◆ RAW DATA ◆

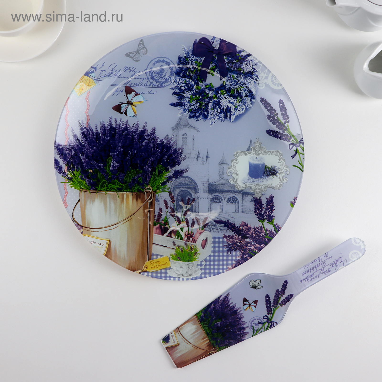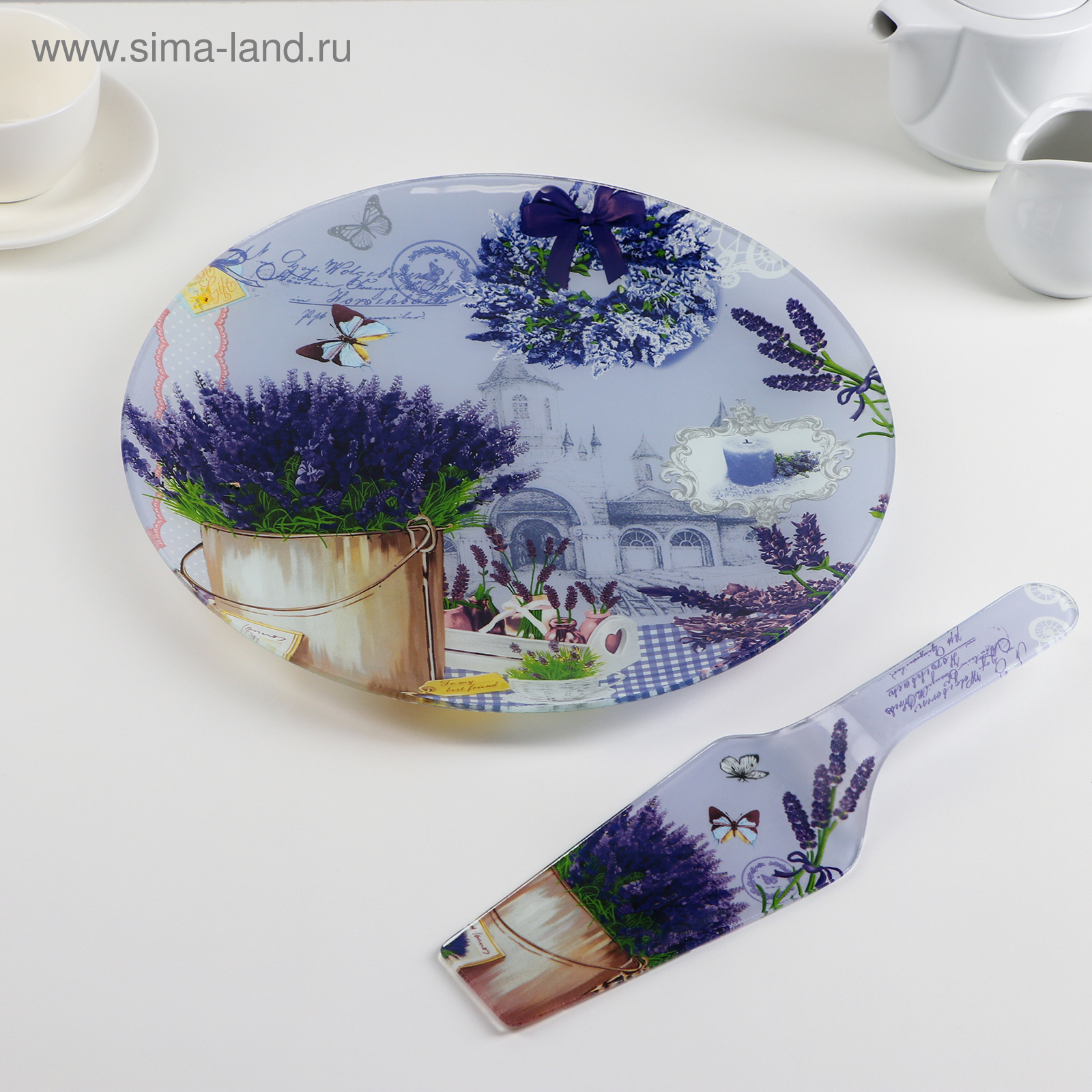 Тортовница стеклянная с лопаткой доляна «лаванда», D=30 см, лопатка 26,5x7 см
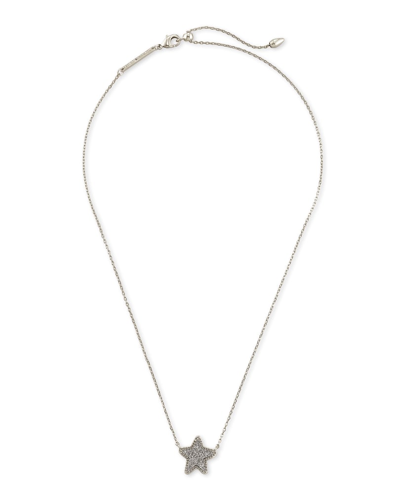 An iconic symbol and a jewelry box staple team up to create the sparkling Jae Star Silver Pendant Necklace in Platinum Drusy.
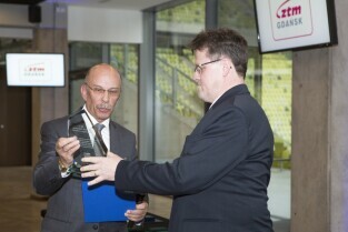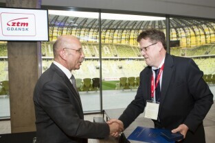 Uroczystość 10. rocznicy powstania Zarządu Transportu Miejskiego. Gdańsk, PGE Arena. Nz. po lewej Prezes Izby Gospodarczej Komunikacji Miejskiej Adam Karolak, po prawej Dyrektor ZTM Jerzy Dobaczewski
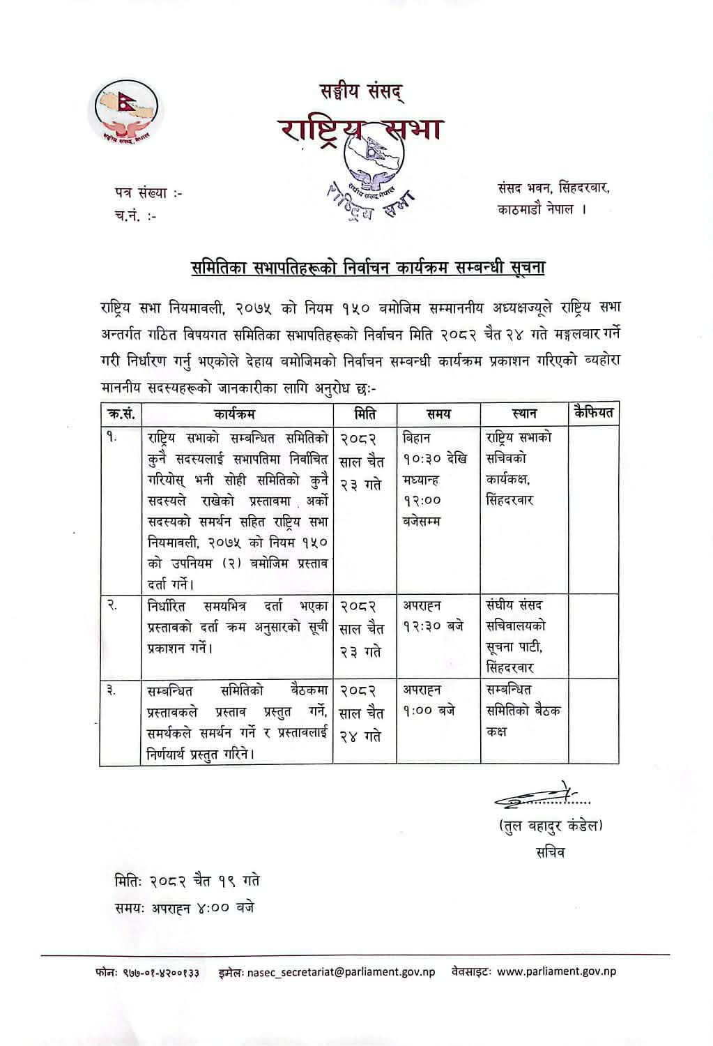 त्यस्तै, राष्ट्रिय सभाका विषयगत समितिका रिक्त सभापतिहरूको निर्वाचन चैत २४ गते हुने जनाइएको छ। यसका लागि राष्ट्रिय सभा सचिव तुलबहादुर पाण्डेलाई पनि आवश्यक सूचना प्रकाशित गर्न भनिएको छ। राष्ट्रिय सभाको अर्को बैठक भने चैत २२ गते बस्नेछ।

◆ YOUR GOAL ◆
Could you restate all of the data above word for word and skip every picture?

◆ THE ANSWER ◆
 Тортовница стеклянная с лопаткой доляна «лаванда», D=30 см, лопатка 26,5x7 см
 An iconic symbol and a jewelry box staple team up to create the sparkling Jae Star Silver Pendant Necklace in Platinum Drusy.
 Uroczystość 10. rocznicy powstania Zarządu Transportu Miejskiego. Gdańsk, PGE Arena. Nz. po lewej Prezes Izby Gospodarczej Komunikacji Miejskiej Adam Karolak, po prawej Dyrektor ZTM Jerzy Dobaczewski
 त्यस्तै, राष्ट्रिय सभाका विषयगत समितिका रिक्त सभापतिहरूको निर्वाचन चैत २४ गते हुने जनाइएको छ। यसका लागि राष्ट्रिय सभा सचिव तुलबहादुर पाण्डेलाई पनि आवश्यक सूचना प्रकाशित गर्न भनिएको छ। राष्ट्रिय सभाको अर्को बैठक भने चैत २२ गते बस्नेछ।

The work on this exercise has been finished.